[WHAT TO DO]: What you should give back is a precise copy of the lines below from the one containing "La terrasse semi-couverte" through the one containing "Whether you are", with no pictures.

• • • •

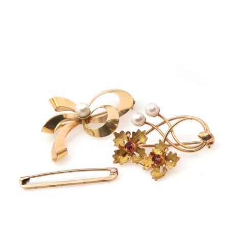 2546/1216AarhusTre brocher af henholdsvis 14 kt.- og 18 kt. guld. L. 3,5-3,8 cm. (3)
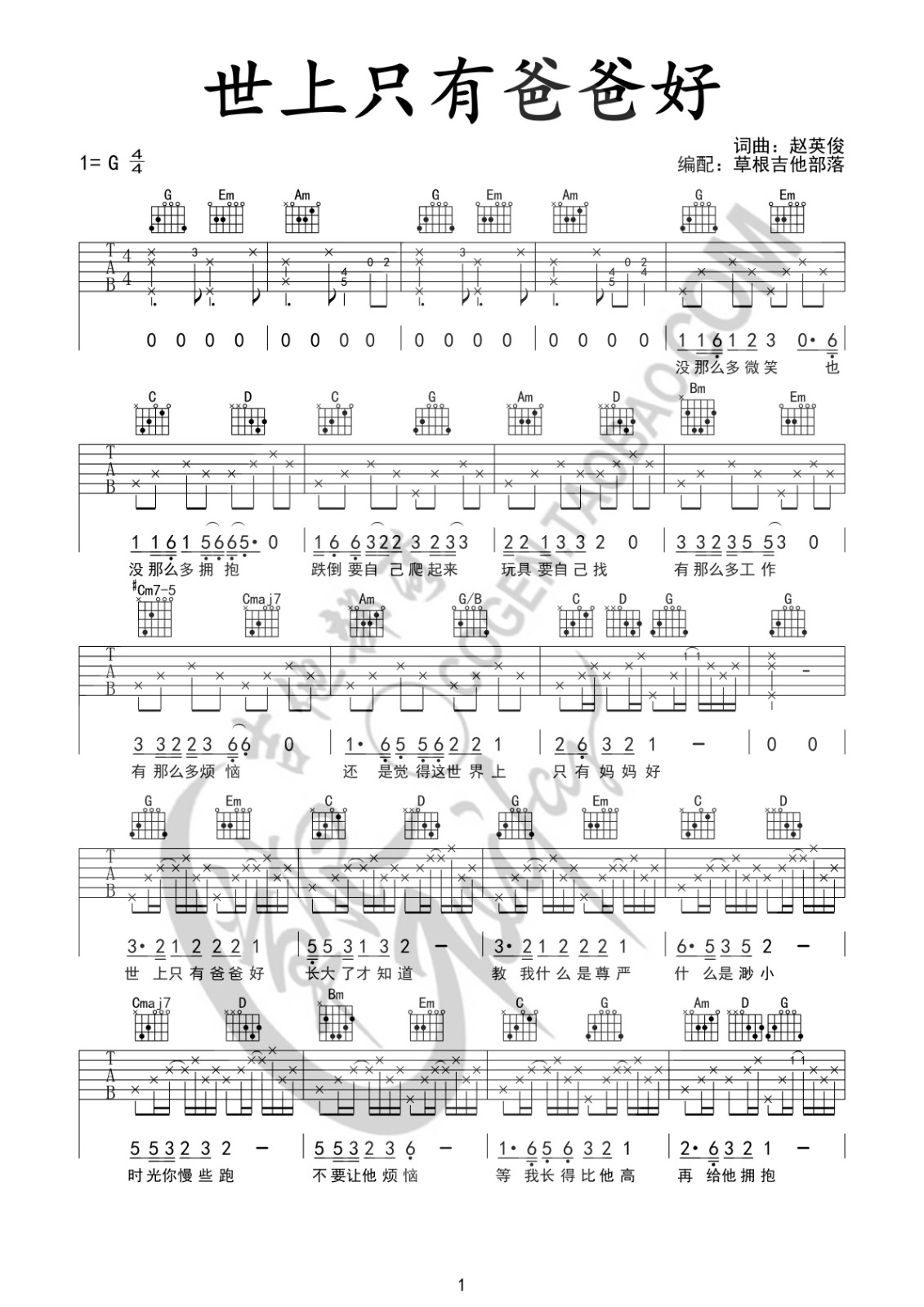 世上只有爸爸好吉他谱 - 赵英俊 - G调吉他弹唱谱
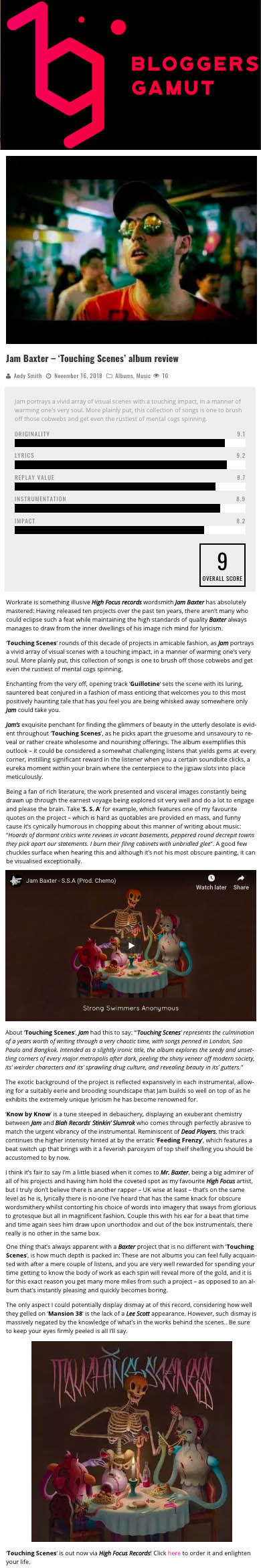 Jam Baxter – ‘Touching Scenes’ – Blogger’s Gamut Album Review High Focus2018-11-16T12:43:00+00:00November 16th, 2018|Jam Baxter, Press| http://bloggersgamut.com/albums/jam-baxter-touching-scenes-album-review/
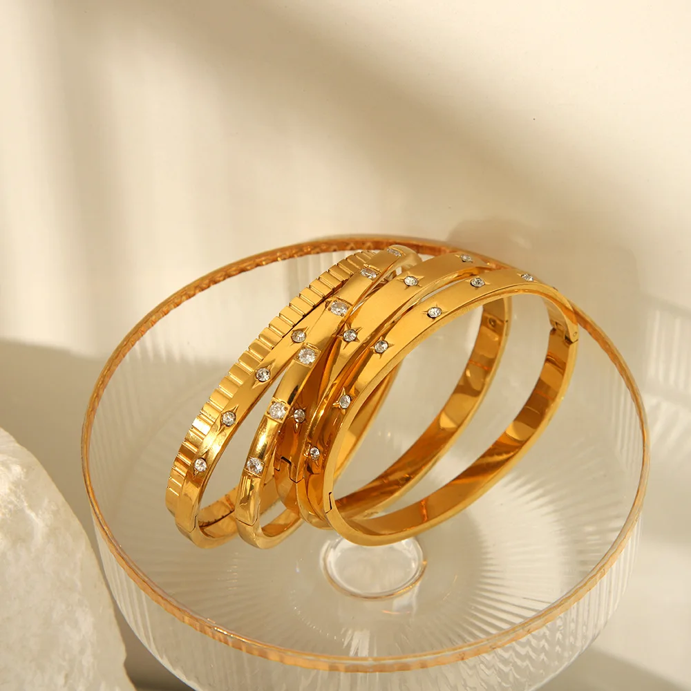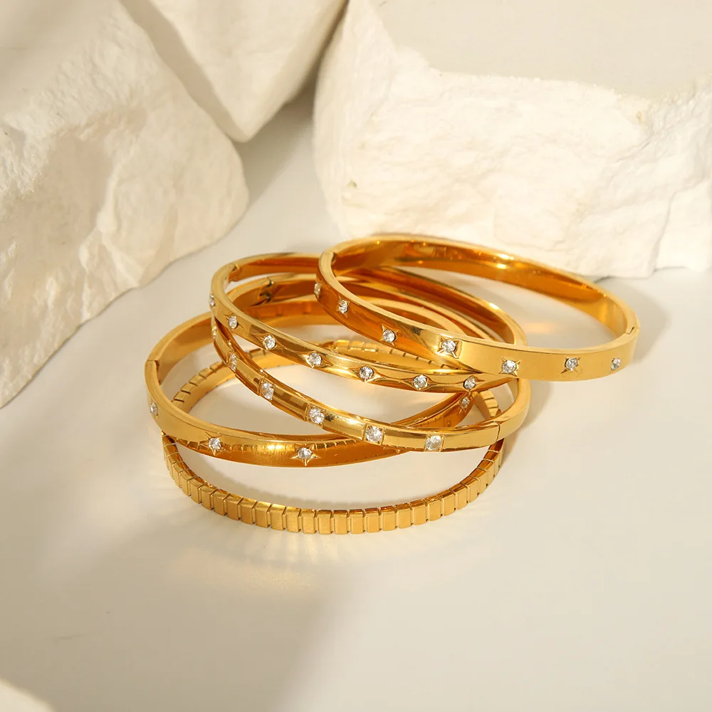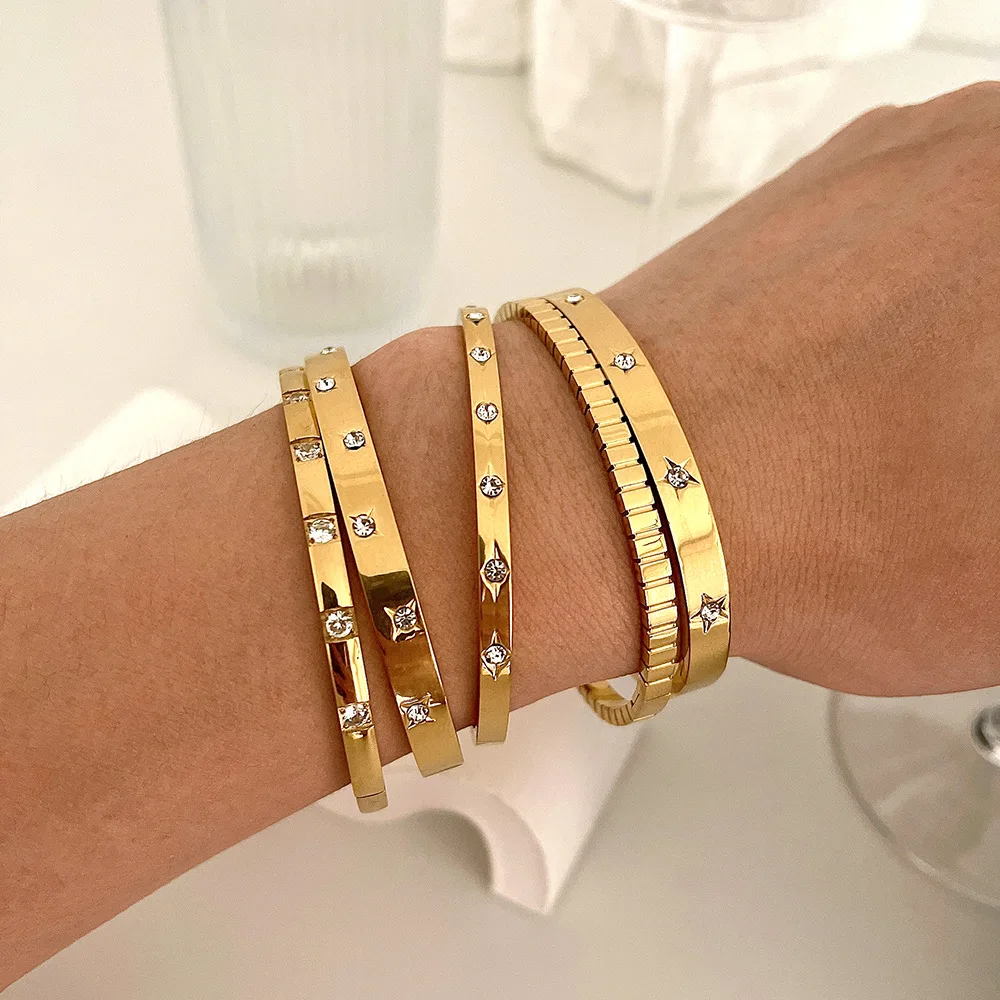 MW Wholesale New Arrival High Quality Women's 18K Gold-Plated Stainless Steel Bangle Cubic Zirconia Geometric Trendy
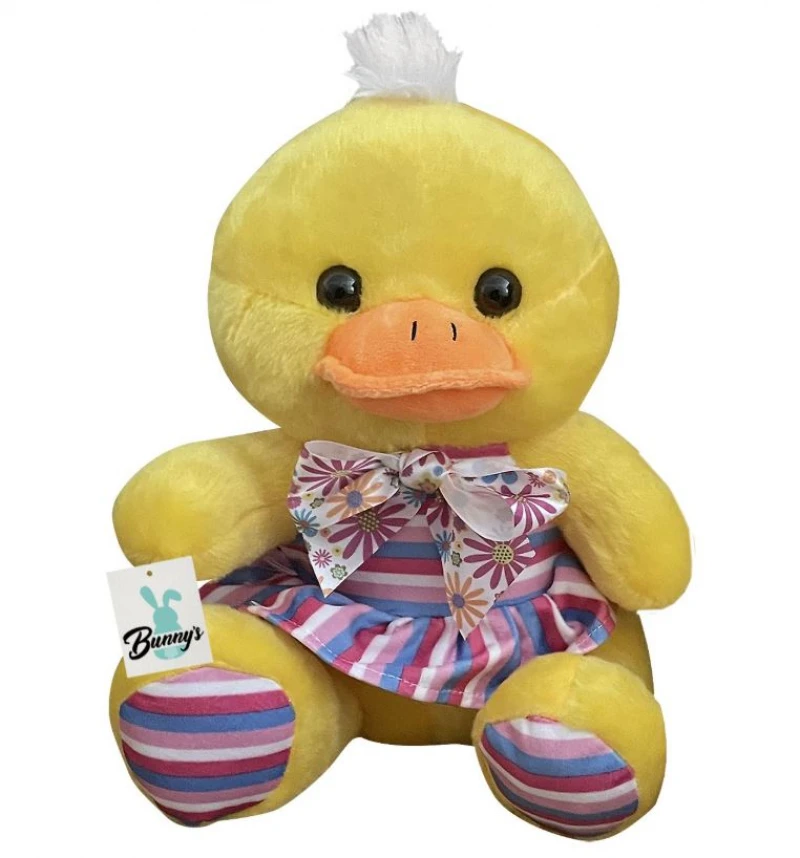 Λούτρινο παπάκι σε κίτρινο χρώμα με φόρεμα - Διαστάσεις: 25εκ.
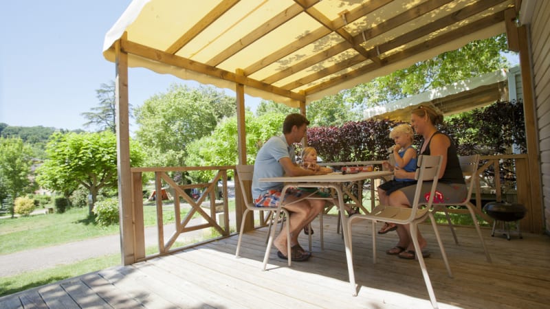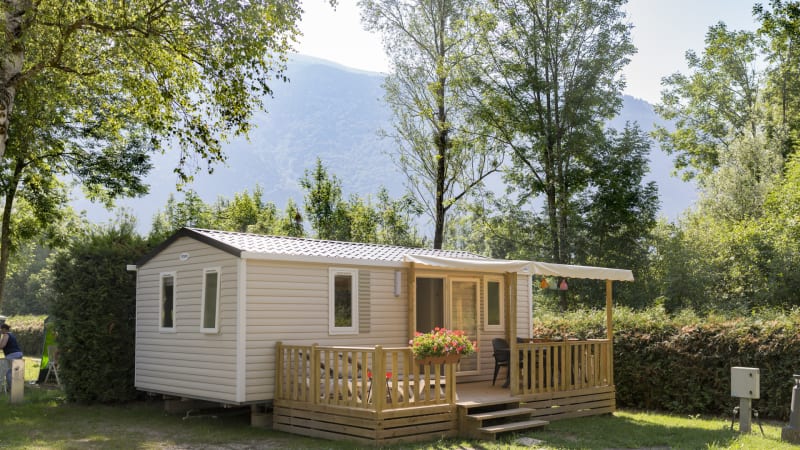 La terrasse semi-couverte est équipée de meubles de jardin, de deux chaises longues et d'un séchoir. Une place de parking est située à proximité du mobil-home.
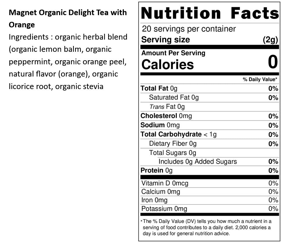 Ingredients: pesticide-free lemon balm, pesticide-free mint, pesticide-free orange peel, natural flavoring (orange), pesticide-free licorice, pesticide-free stevia leaves
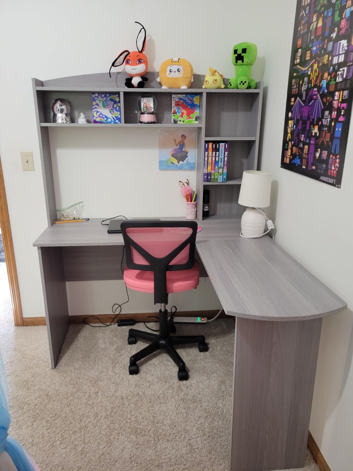 Whether you are working on your big assignment or busy to-do list, Techni Mobili Modern L-Shaped Computer Desk with Hutch is the perfect choice for your home office. Crafted from wooden panels with a Grey laminate surface, it showcases an L-shaped design,  perfect for corner spaces, or making a statement in your office or home office. The integrated hutch features two vertical shelve plus two top open shelves, perfect for storing books, files, or displaying some decorative favorites. This desk supports a weight limit of 110lbs., backed by a 5-year warranty. Color: Grey.
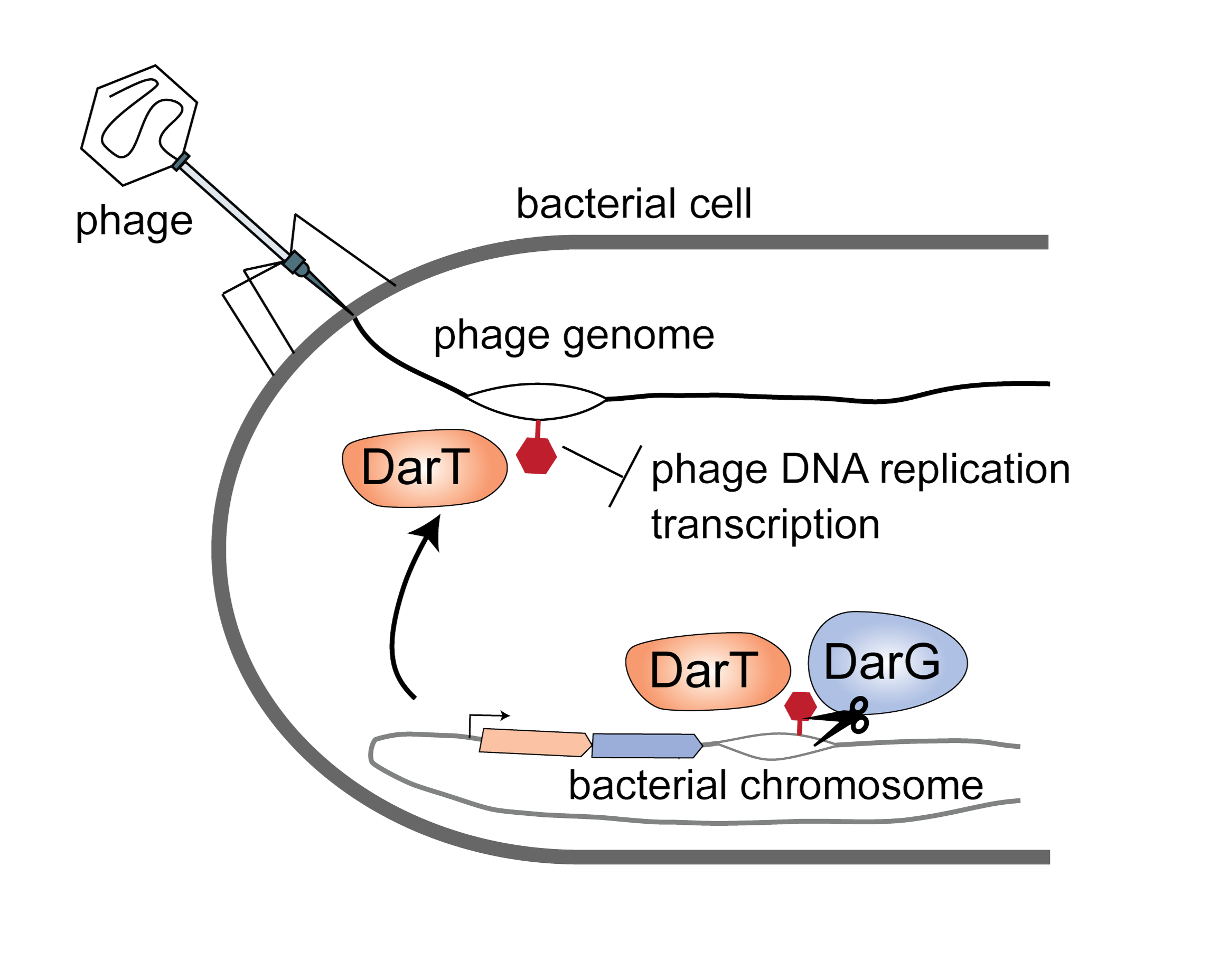 We study the role that a group of bacterial genetic elements called toxin-antitoxin systems play in phage defense. These small genetic elements consist of a toxin and a cognate antitoxin that keeps the system inactive in the absence of infection. Upon infection, the toxin acts to disrupt phage replication, thereby protecting kin cells from further infection. We discovered that one such toxin-antitoxin system, DarTG, carries a DNA ADP-ribosyltransferase (ART) toxin. Upon phage infection, the DarT toxin ADP-ribosylates phage DNA, which blocks DNA replication and transcription, thereby blocking phage replication. The different DarT-containing systems have entirely unrelated antitoxins from different protein families, yet all reverse the DNA ADP-ribosylation of their cognate toxins. We are investigating how different DNA ART systems function at the molecular level during phage infection, as well as identifying different mechanisms that phages have evolved to overcome these defenses. Investigating DNA ADP-ribosylation in the context of bacterial-phage interactions may also provide insight into the function of their homologs – many of unknown function – across the tree of life.
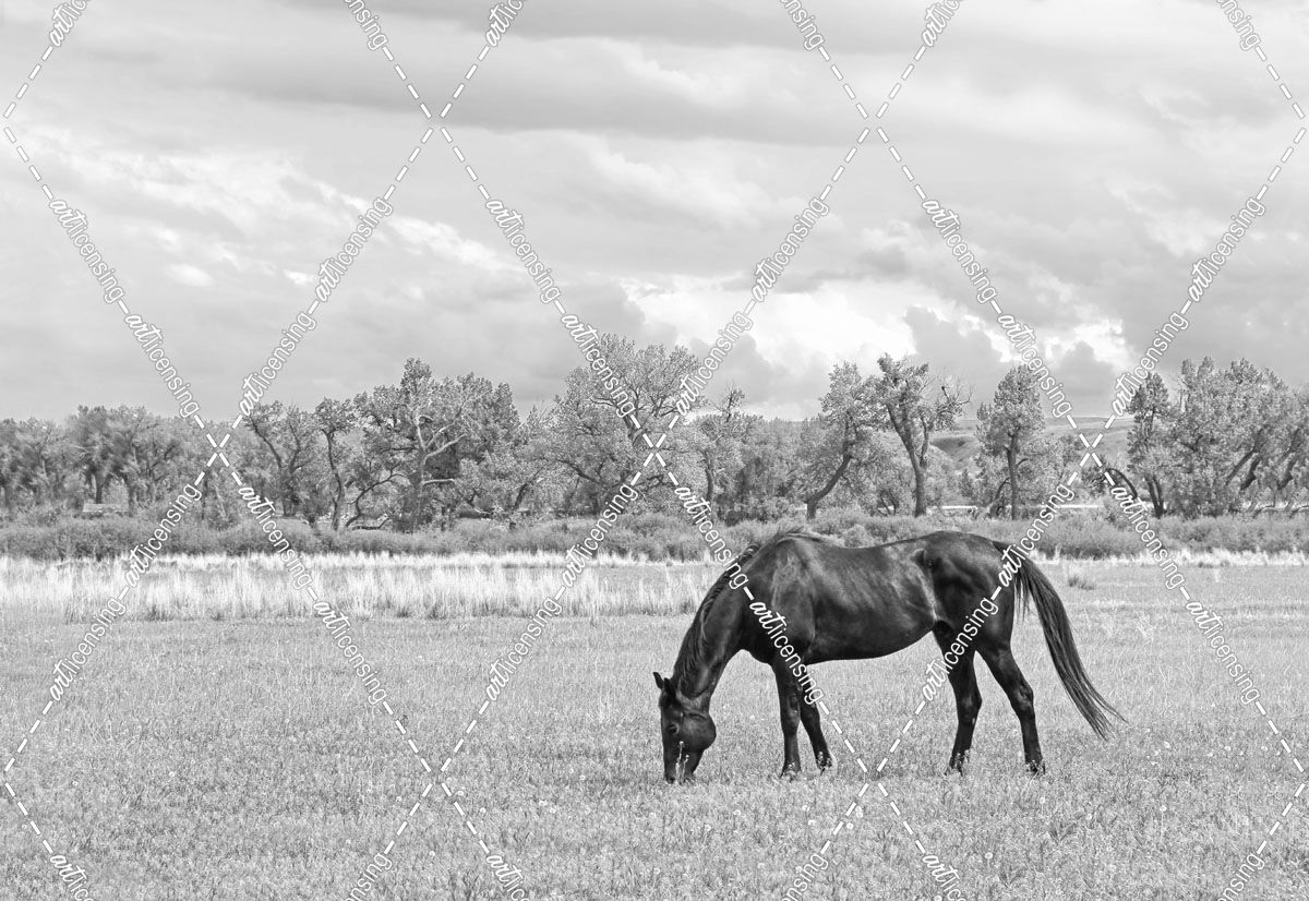 Horse In Field Black And White

• • • •

[RESPONSE TO THIS EXERCISE]:
 La terrasse semi-couverte est équipée de meubles de jardin, de deux chaises longues et d'un séchoir. Une place de parking est située à proximité du mobil-home.
 Ingredients: pesticide-free lemon balm, pesticide-free mint, pesticide-free orange peel, natural flavoring (orange), pesticide-free licorice, pesticide-free stevia leaves
 Whether you are working on your big assignment or busy to-do list, Techni Mobili Modern L-Shaped Computer Desk with Hutch is the perfect choice for your home office. Crafted from wooden panels with a Grey laminate surface, it showcases an L-shaped design,  perfect for corner spaces, or making a statement in your office or home office. The integrated hutch features two vertical shelve plus two top open shelves, perfect for storing books, files, or displaying some decorative favorites. This desk supports a weight limit of 110lbs., backed by a 5-year warranty. Color: Grey.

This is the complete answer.